Wednesday, November 16, 2011

Dodd-Frank FX Deadline Costly to SEC Firms


Posted originally on July 1, 2011 at the Aite Group Blog

Dodd-Frank has opened a door to U.S. banks to offer retail currency trading (aka FX or Forex) as of July 22, 2011, but is about to close that same door to U.S. securities firms. Although theoretically securities firms will still be able to offer FX, the Securities and Exchange Commission is not likely to pass retail FX rules by the July 15 deadline to prevent its registrants from being shut out of FX, a lucrative business with significant growth potential.

Some firms affected by this likely SEC inaction include Charles Schwab, T.D. Ameritrade, E*Trade, and Interactive Brokers. As of July 16, only a dozen or so CFTC-registered FX dealers and Citibank (the only registered bank for now) will be able to offer retail FX to clients. To our knowledge, CFTC-registered futures commodity merchants (FCMs) not registered as a retail foreign exchange dealer (RFED) will also have to stop offering retail FX.

SEC firms currently offering retail FX like Interactive Brokers and CFTC-registered like MF Global will have to refer retail FX business to authorized firms. It is hard to quantify the potential loss in assets and trading revenue for these firms, but it is likely in the millions. For the big securities firms that were just starting to operate in the business, like Charles Schwab through OptionsXpress and TD Ameritrade through thinkorswim, the losses will be considerable.

The options the SEC has at this point are three: 1) do nothing and let what was described above occur — this is the most likely outcome; 2) approve FINRA regulation 09-06 “as-is” or with modifications; and 3) pass its own set of retail FX rules without a comment period – Dodd-Frank allows regulators the flexibility to pass rules without public comment if required by the lack of time or resources. If the SEC does decide to pass new retail FX rules (which would be the right decision in this author’s view), these rules will likely be similar to what the CFTC has passed, and would level the playing field across regulators and not put SEC registrants at a disadvantage.

SEC broker/dealers (B/D) have no options in this matter, but there is a caveat.

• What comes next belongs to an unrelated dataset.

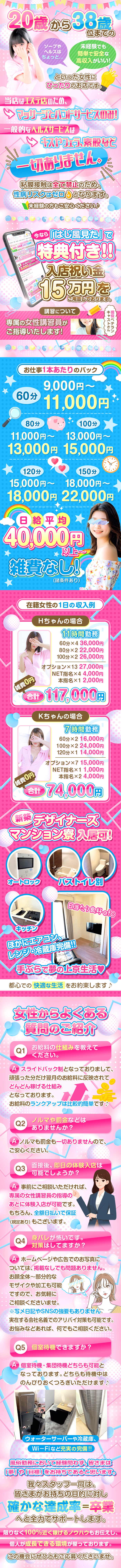 当店は創業10年の本物の有名老舗エステ店です。ムリせず身体へ負担も掛けず、効率よく稼げる環境がございます♪

While the CFTC prevents SEC B/D from circumventing the law and offering retail FX as a FCM BD, there is nothing that would keep the parent of the B/D to register a RFED entity, or even to use some of the backoffice staff of the B/D for the new RFED. Securities firms that have banks in their operating group could use those banks as a way to offer retail FX as soon as these units are approved by the Office of the Comptroller of the Currency and FDIC to do so.

Of course, there are more intricacies than those we can explain here, but the good news for SEC firms is that they could still participate in retail FX outside of the SEC — if it comes to that.


NB. On the 11th hour (July 13, 2011), the SEC released "temporary final" rules for retail FX, thus averting the issues raised on this entry.